Minnesota Food Alert: Raw Chicken Salmonella Alert Issued
The U.S. Department of Agriculture’s Food Safety and Inspection Service (FSIS) has issued a public health alert due to concerns about illnesses caused by Salmonella Enteritidis that may be associated with those products in Minnesota.
FSIS is investigating a Salmonella Enteritidis illness cluster with the Centers for Disease Control and Prevention (CDC) and partners. FSIS suspects that there may be a link between the frozen, raw, breaded, and pre-browned stuffed chicken products and this illness cluster based on information gathered in conjunction with the CDC and state partners. People with illness symptoms have been found from onset dates ranging from February 21, 2021 to May 7, 2021.
The Minnesota Department of Agriculture collected frozen, raw, breaded, stuffed chicken products from a retail store for testing. They tested positive for the outbreak strain of Salmonella Enteritidis. However, the production lots tested in Minnesota are not known to have been purchased by any of the people that came down with illness after eating similar foods.
There isn't enough information at this time to issue a recall, but they'll keep investigating. For now, if you purchase these sorts of foods, make sure to follow the directions for cooking them properly.
How Do I Cook The Chicken Properly?
Follow the directions on the box. Apparently, despite the giant "raw chicken" and "uncooked chicken" and cooking directions on the box, the products weren't cooked enough to kill the Salmonella.
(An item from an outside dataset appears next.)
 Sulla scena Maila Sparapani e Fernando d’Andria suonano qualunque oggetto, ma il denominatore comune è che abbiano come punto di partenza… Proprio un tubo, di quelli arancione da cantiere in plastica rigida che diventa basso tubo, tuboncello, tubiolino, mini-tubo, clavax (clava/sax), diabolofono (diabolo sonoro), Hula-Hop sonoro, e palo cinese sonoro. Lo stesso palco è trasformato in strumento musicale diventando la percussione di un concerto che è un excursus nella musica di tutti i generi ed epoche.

- "Cook raw meat and poultry to safe internal temperatures before eating. The temperature to cook beef, pork, veal & lamb steaks, roasts & chops is 145 F with a 3-minute rest time, and 165 F for poultry, as determined with a food thermometer."
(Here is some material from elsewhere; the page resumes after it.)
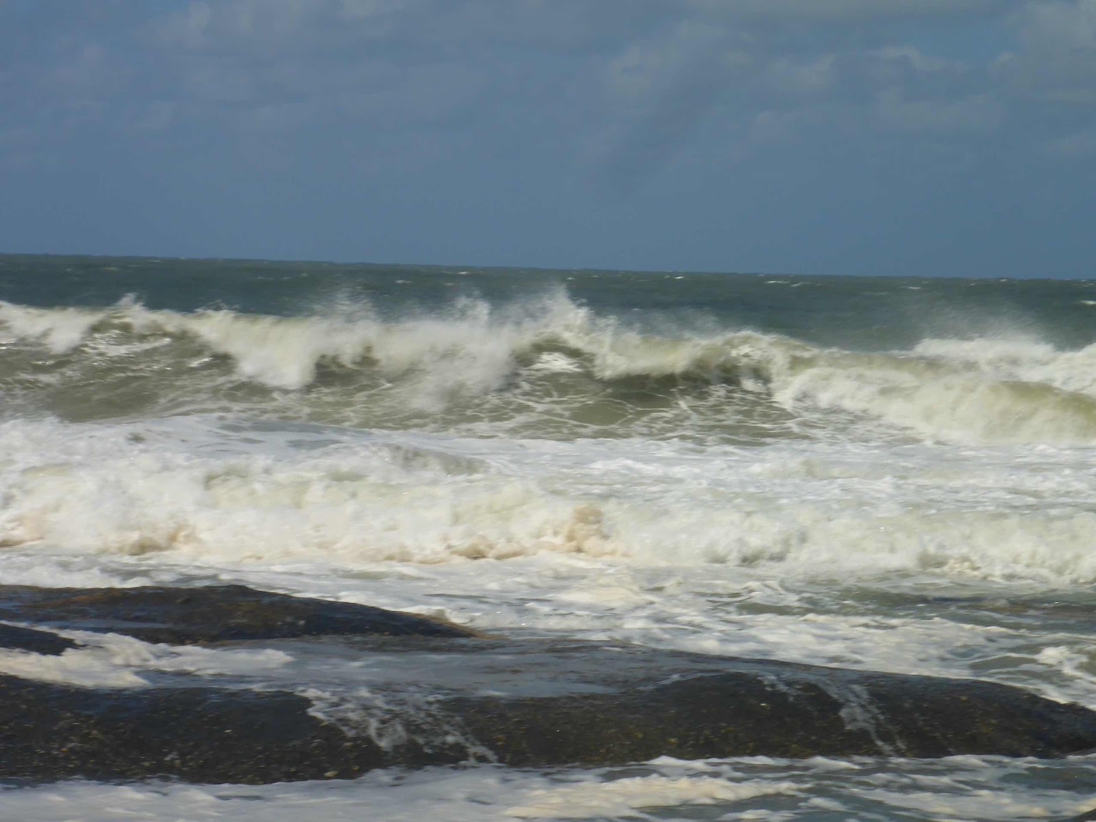 Wenn man die Wellen sieht, die hier jetzt bei gerade mal fünf Windstärken aufgeworfen werden, kann man gut nachvollziehen, dass jeder Kapitän gut daran getan hat, dieses Teufelskap weiträumig zu umfahren. Die Wellen brechen sich an den Felsen, und die Gisch fliegt teilweise über 3 m hoch.

- When you buy the stuff from the store, make sure to get it in the freezer or refrigerator (the Chicken Kiev box says, "Cook from frozen) asap. After you cook it, make sure it gets in the fridge within two hours, or one hour if it's a day over 90 degrees.
How Do I know If I Ate Contaminated Food.
- Consumption of food contaminated with Salmonella can cause salmonellosis, one of the most common bacterial foodborne illnesses. The most common symptoms of salmonellosis are diarrhea, abdominal cramps, and fever within 6 hours to 6 days after exposure to the organism.
- The illness usually lasts 4 to 7 days. Most people recover without treatment. In some persons, however, the diarrhea may be so severe that the patient needs to be hospitalized.
- Older adults, infants, and persons with weakened immune systems are more likely to develop a severe illness. Individuals concerned about an illness should contact their health care provider.